Goal of the exercise:
The line with "①活动期间内每人可参与团购,参与时需扣除相应元宝作为押金。" marks the start; please set it down along with all later lines through the end of the material, exactly, leaving out pictures.

Supplied information:
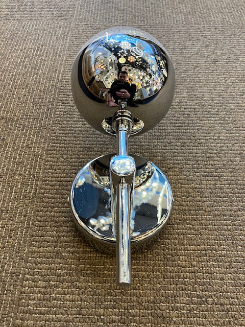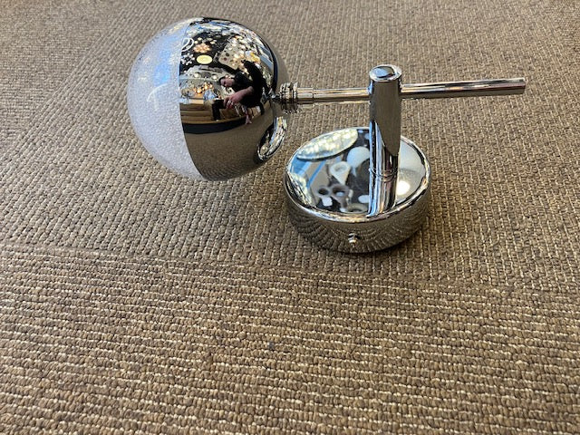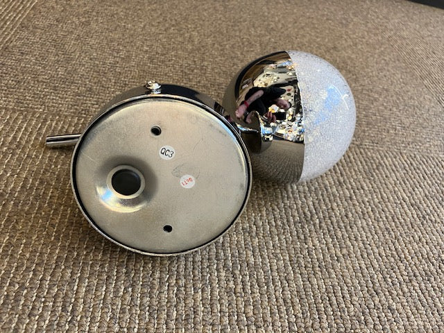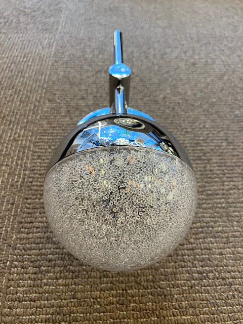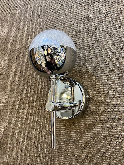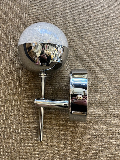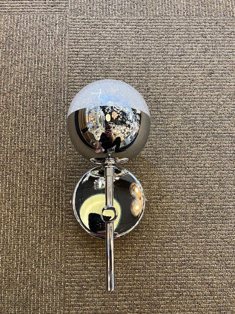 Contemporary bathroom wall light featuring Half polished chrome half crystalline globe head with inner coating of crushed crystals.
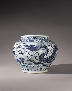 景德镇元青花装饰艺术,不仅继承了汉唐现实主义优良传统,而且具有自己鲜明的时代特征。它既不同于唐代艺术那种雍容富厚之态,又别于宋代艺术精巧秀丽之姿。元青花装饰艺术异军突起,气势磅礴,笔势飞动,讲求大效果。不拘泥于细微末节,即使云纹、海水、四方、二方连续等,那种需要规矩的图案纹样,也只是大体规整而已。其用笔纯熟,悬肘运腕而写,挥洒自如,转折有效,呈现出一种浑厚而又妖娆雅致的神韵。 |
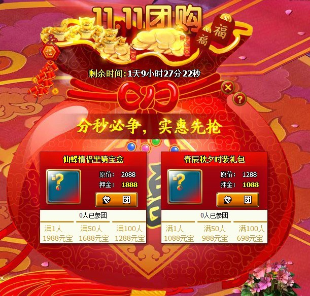①活动期间内每人可参与团购,参与时需扣除相应元宝作为押金。
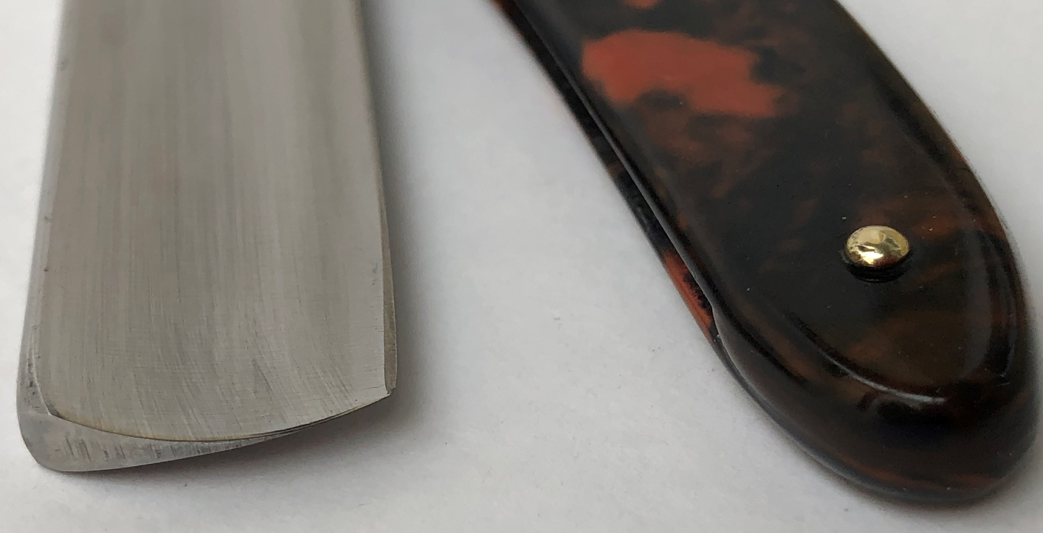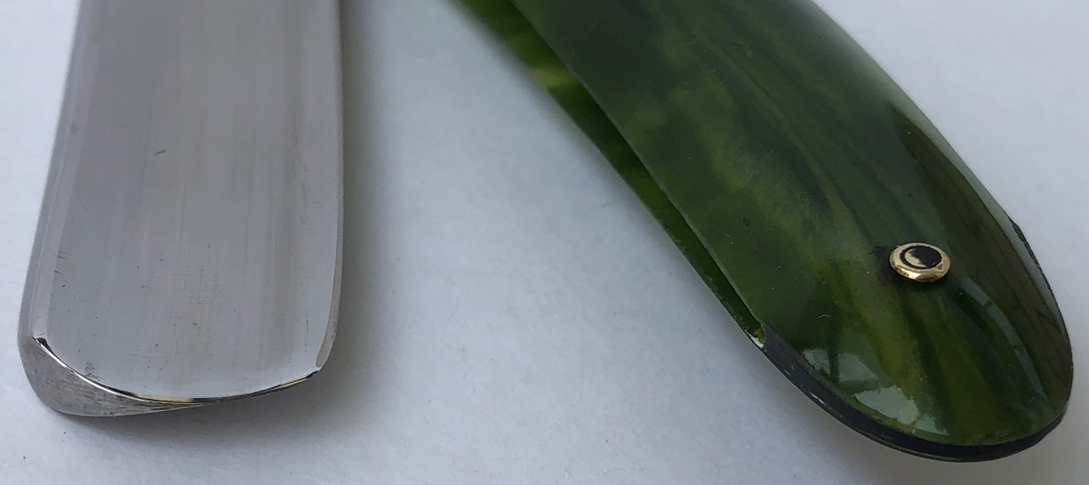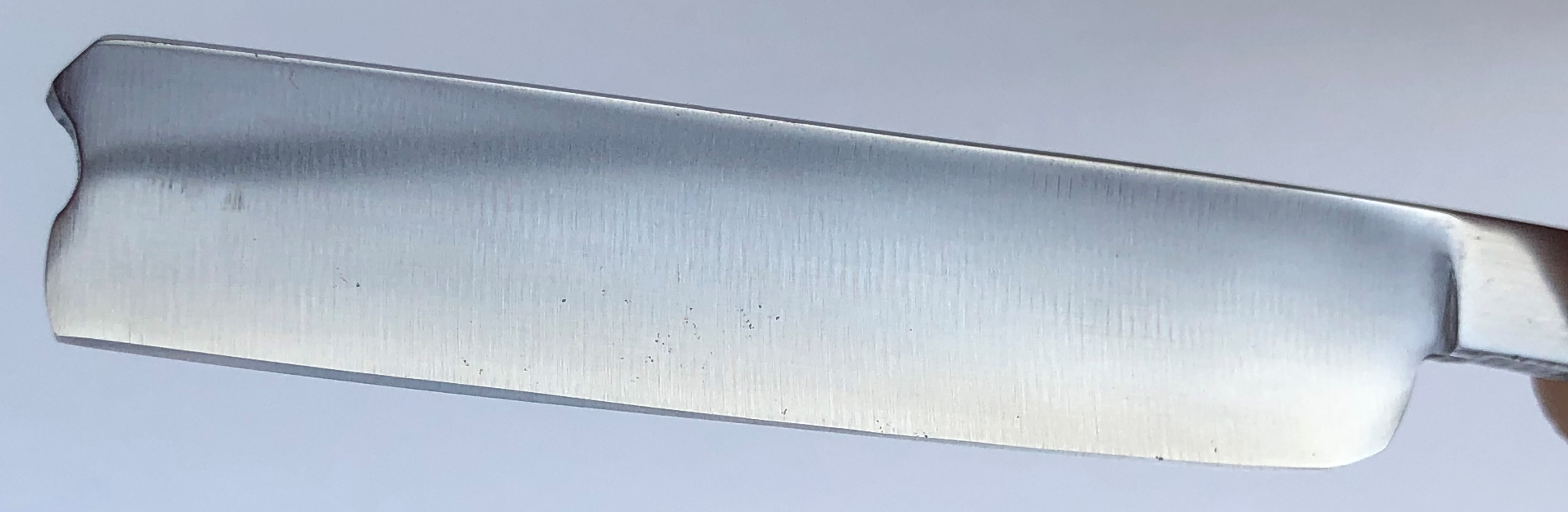 Бритва в прекрасном коллекционном, непользованном состоянии. Все оригинальное. Ничего не разбиралось и не ремонтировалось.Оригинальная шлифовка и полировка. Незначительные остатки патины не стал убирать, чтобы сохранить все в аутентичном виде.Идеальная геометрия полотна:кромочка равномерна по всей длине.

Output below:
①活动期间内每人可参与团购,参与时需扣除相应元宝作为押金。
 Бритва в прекрасном коллекционном, непользованном состоянии. Все оригинальное. Ничего не разбиралось и не ремонтировалось.Оригинальная шлифовка и полировка. Незначительные остатки патины не стал убирать, чтобы сохранить все в аутентичном виде.Идеальная геометрия полотна:кромочка равномерна по всей длине.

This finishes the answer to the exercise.